A vector is an ordered list of numbers that represents both magnitude and direction. Think of it as an arrow pointing to a location in space.

DfVector

A vector is an ordered tuple of numbers that represents a point or direction in space. A vector in n-dimensional space is written as:

Vector Notation

\vec{v} = \begin{bmatrix} v_1 \\ v_2 \\ \vdots \\ v_n \end{bmatrix} \in \mathbb{R}^n

Here,

$\vec{v}$ =The vector (an ordered list of numbers)
$v_1, v_2, \ldots, v_n$ =Individual components of the vector
$\mathbb{R}^n$ =n-dimensional real coordinate space

Real-World Analogy: A vector is like a GPS coordinate — it tells you exactly where something is. [3, 4] means 3 steps east, 4 steps north.

Types of Vectors

Type	Description	Example	Dimension
2D Vector	Two components (x, y)	`[3, 4]`	2
3D Vector	Three components (x, y, z)	`[1, 2, 3]`	3
nD Vector	n components	`[v₁, v₂, ..., vₙ]`	n
Row Vector	Written horizontally	`[1, 2, 3]`	1×n
Column Vector	Written vertically	`[1; 2; 3]`	n×1

⚠️ Convention

In ML, we typically work with column vectors (n×1 matrices). When someone says "vector" without qualification, they usually mean column vector.

Vector Operations

Vector Addition

Two vectors of the same size can be added by adding their corresponding components.

Vector Addition

\vec{u} + \vec{v} = \begin{bmatrix} u_1 + v_1 \\ u_2 + v_2 \\ \vdots \\ u_n + v_n \end{bmatrix}

Here,

$\vec{u}, \vec{v}$ =Two vectors of the same dimension
$\vec{u} + \vec{v}$ =Resultant vector with summed components

📝Example: Vector Addition

If $\vec{u} = \begin{bmatrix} 1 \\ 2 \end{bmatrix}$ and $\vec{v} = \begin{bmatrix} 3 \\ 4 \end{bmatrix}$ , then:

\vec{u} + \vec{v} = \begin{bmatrix} 1 + 3 \\ 2 + 4 \end{bmatrix} = \begin{bmatrix} 4 \\ 6 \end{bmatrix}

Geometric Interpretation: Vector addition follows the "tip-to-tail" rule — place the tail of one vector at the tip of the other. The resultant goes from the starting point to the final tip.

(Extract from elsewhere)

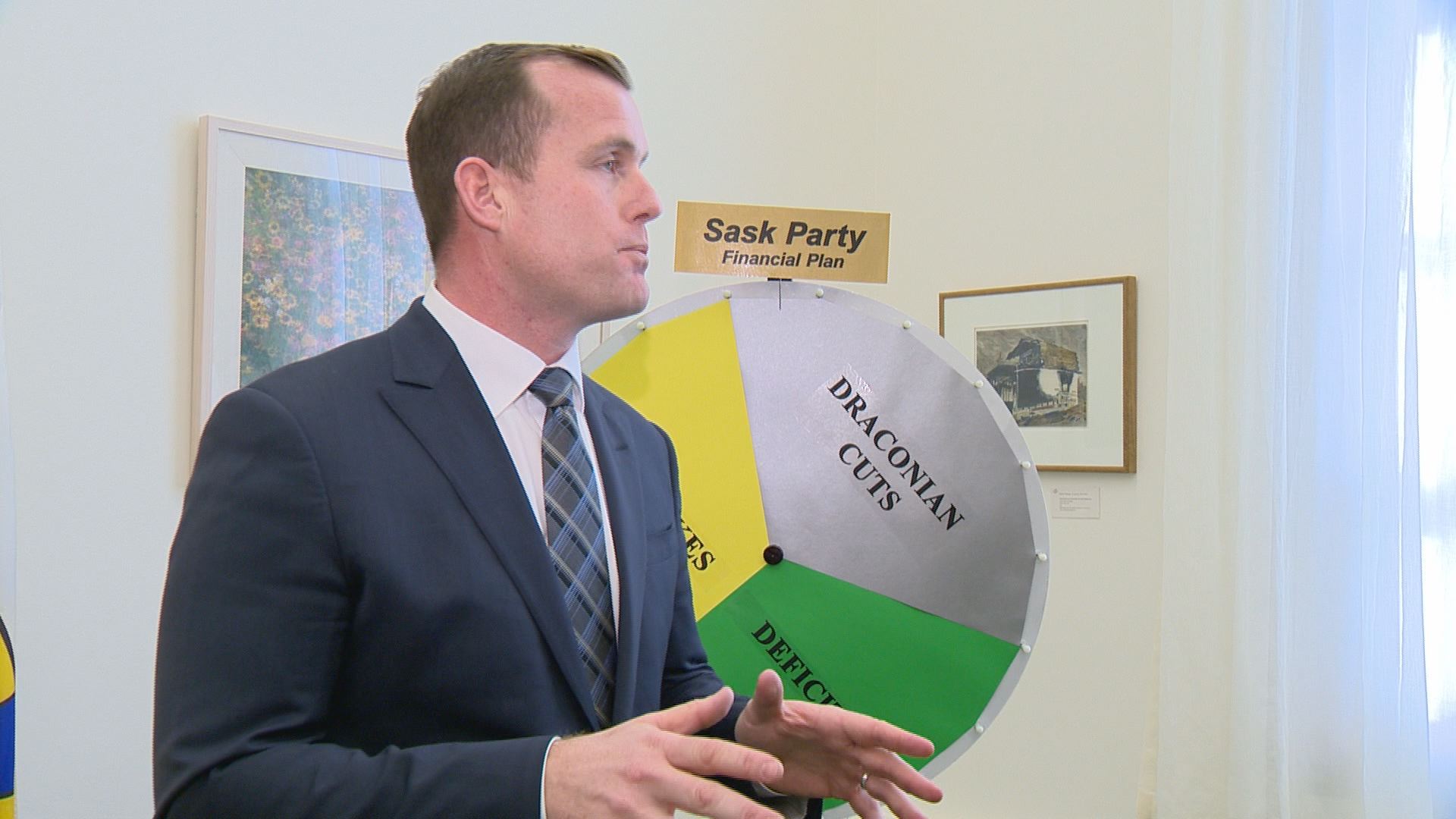 “No family in Saskatchewan should have to spin this wheel and take a gamble on their future,” said NDP finance critic Trent Wotherspoon, who didn’t want to take a crack at the game either.

Properties of Vector Addition:

Commutative: $\vec{u} + \vec{v} = \vec{v} + \vec{u}$
Associative: $(\vec{u} + \vec{v}) + \vec{w} = \vec{u} + (\vec{v} + \vec{w})$
Identity: $\vec{v} + \vec{0} = \vec{v}$
Inverse: $\vec{v} + (-\vec{v}) = \vec{0}$

Scalar Multiplication

A vector can be multiplied by a scalar (a single number), which scales each component.

Scalar Multiplication

c\vec{v} = \begin{bmatrix} c \cdot v_1 \\ c \cdot v_2 \\ \vdots \\ c \cdot v_n \end{bmatrix}

Here,

$c$ =A scalar (single real number)
$\vec{v}$ =The vector to be scaled
$c\vec{v}$ =The scaled vector

📝Example: Scalar Multiplication

If $\vec{v} = \begin{bmatrix} 2 \\ 3 \end{bmatrix}$ and $c = 4$ , then:

c\vec{v} = 4 \begin{bmatrix} 2 \\ 3 \end{bmatrix} = \begin{bmatrix} 8 \\ 12 \end{bmatrix}

Properties of Scalar Multiplication:

Distributive: $c(\vec{u} + \vec{v}) = c\vec{u} + c\vec{v}$
Associative: $c(d\vec{v}) = (cd)\vec{v}$
Identity: $1 \cdot \vec{v} = \vec{v}$

Dot Product (Inner Product)

The dot product measures how much two vectors point in the same direction. It returns a scalar, not a vector.

Dot Product (Algebraic)

\vec{u} \cdot \vec{v} = \sum_{i=1}^{n} u_i v_i = u_1 v_1 + u_2 v_2 + \cdots + u_n v_n

Here,

$\vec{u} \cdot \vec{v}$ =The dot product (scalar result)
$u_i, v_i$ =The i-th components of vectors u and v

Geometric Interpretation:

Dot Product (Geometric)

\vec{u} \cdot \vec{v} = \|\vec{u}\| \|\vec{v}\| \cos\theta

Here,

$\|\vec{u}\|, \|\vec{v}\|$ =Magnitudes of the vectors
$\theta$ =Angle between the vectors

📝Example: Dot Product

If $\vec{u} = \begin{bmatrix} 1 \\ 2 \\ 3 \end{bmatrix}$ and $\vec{v} = \begin{bmatrix} 4 \\ 5 \\ 6 \end{bmatrix}$ :

\vec{u} \cdot \vec{v} = (1)(4) + (2)(5) + (3)(6) = 4 + 10 + 18 = 32

💡 Key Insight

If the dot product is zero, the vectors are perpendicular (orthogonal). This is the foundation of many machine learning algorithms — PCA, attention mechanisms, and similarity measures all rely on dot products.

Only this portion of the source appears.